Frozen Shoulder and Chiropractic
Updated: May 18
Frozen Shoulder is a frequent problem that I see in my chiropractic office. Often times, the problem began with an injury to the person’s rotator cuff and they stop moving it because it hurts. They didn’t get the treatment they needed or simply didn’t do their physical therapy exercises as they were recommended. Now their shoulder joint is frozen and can’t be moved through its range of motion. It is literally frozen in place.
Diagnosing this condition becomes quite obvious when a patient talks to me because as they show me their ranges of motion, they simply don’t have any movement. (or it is greatly reduced)
The following is a brief list of things you can do to help yourself.
First, if you have a rotator cuff injury and you see a chiropractor or physical therapist, follow their recommendations. Can physical therapy flare up your body for awhile? Of course it can. If you experience a flare up from doing your physical therapy exercises, the good news is that your therapist properly identified the muscles that are weakened or injured. If you flare up, communicate with your doctor or pt. They can’t adjust your exercises if you don’t help them understand your pain. They also won’t know if what they are giving you is working if you won’t do them and won’t try to work through your discomfort.
Secondly, in my chiropractic office, our treatment is literally breaking up the adhesions between the muscles with intense muscle work. Does it hurt? Yes. Does it feel better after we have had enough sessions to free up the joint and loosen up the muscles? Yes. You will have to deal with pain during the session and the bruising feeling afterwards to gain the benefits. It goes without saying, to live an active and healthy life, it is helpful to have two working arms.
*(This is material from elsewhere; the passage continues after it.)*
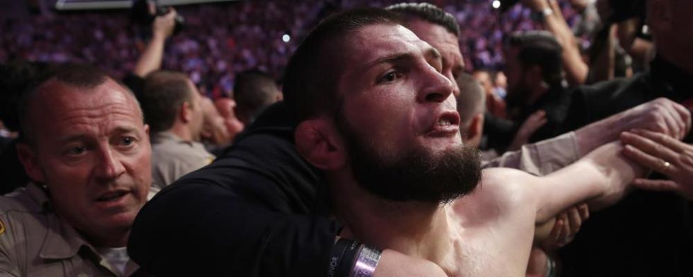 Nurmagomédov derrotó a McGregor por sumisión en el cuarto asalto. Después de ser separados por el árbitro, Khabib empezó a gritar primero a McGregor, y después a su equipo. En un momento, arrojó su protector bucal contra el alambrado en dirección a donde estaba el equipo del luchador irlandés. Unos instantes después de este intercambio de palabras, Nurmagomédov saltó la verja que rodea el octágono y se abalanzó contra los integrantes de la esquina de su rival, incluido el luchador de MMA Dillon Danis.

Any pain to restore the function of a shoulder is worth it. I also do shoulder adjustments on my patients with frozen shoulder to restore the normal motion of the head of the humerus (the long bone of the arm) in the socket of the shoulder.
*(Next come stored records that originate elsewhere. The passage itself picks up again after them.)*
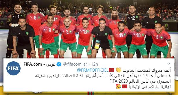 وهنأ الاتحاد الدولي لكرة القدم “الفيفا” المنتخب المغربي بالتأهل، وكتب في تدوينة عبر حسابه الرسمي على “تويتر” : “ألف مبروك لمنتخب المغرب ، فاز على أنجولا 4-0 وتأهل لنهائي كأس أمم أفريقيا لكرة الصالات ليلحق بشقيقه المصري في كأس العالم 2020 FIFA .. تهانينا ونراكم في ليتوانيا”.
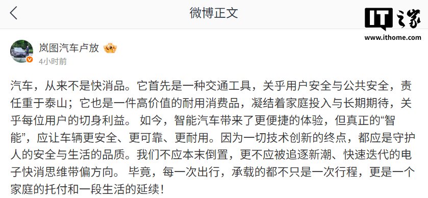 IT之家 10 月 15 日消息,岚图汽车科技股份有限公司董事长、总经理卢放今日发文:
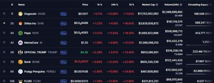 Based mostly on present CoinMarketCap knowledge, Shiba Inu holds its place because the second-largest finest meme coin in the crypto market. Its market capitalization sits close to $4.1 billion, which locations it at roughly one-fifth the dimensions of Dogecoin’s valuation.
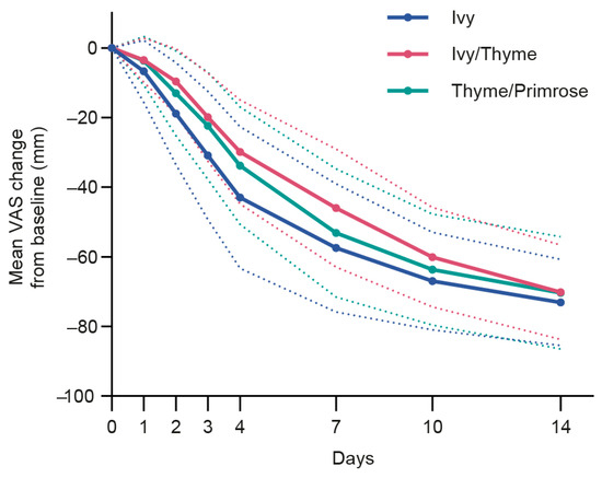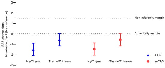 In the PPS, the mean BSS change from baseline to day 7 was −9.11 score points (SD: 2.44) in the Ivy group, −7.64 points (SD: 2.68) in the Ivy/Thyme group, and −8.59 points (SD: 2.45) in the Thyme/Primrose group. Thus, the non-inferiority of Ivy extract was shown to be statistically significant against both comparators: against Ivy/Thyme extract (LS means treatment effect for change: 1.48 points, 95% CI: −2.08; −0.89, p < 0.0001) and against Thyme/Primrose extract (LS means treatment effect for change: −0.56 points, 95% CI: 1.14; 0.02, p < 0.0001, Figure 2). Hence, both primary endpoints could be reached in the first, a priori, ordered steps.

Thirdly, shoulder problems almost always have spinal involvement. If a patient has shoulder problems there is almost always neck or upper back involvement. While a patient will benefit from shoulder treatment, to resolve the issue, they also need to have proper spinal biomechanics restored. When a patient has a rotator cuff injury or frozen shoulder, they tend to use their neck and back to fling their arm up to reach things. They rarely notice they do it but it becomes obvious when I make them stand still and not move their neck while they lift their arm. Chiropractic spinal adjustments to restore the proper motion of segments of the spine are critical to long term improvement of the shoulder problem.
My last comment: If you have a shoulder problem whether frozen shoulder or rotator cuff injury, heat is not the answer. While it can be quite de-motivating to put an ice pack on when it is chilly out, that is what takes out inflammation. Heat creates more. It will make your shoulder pain worse.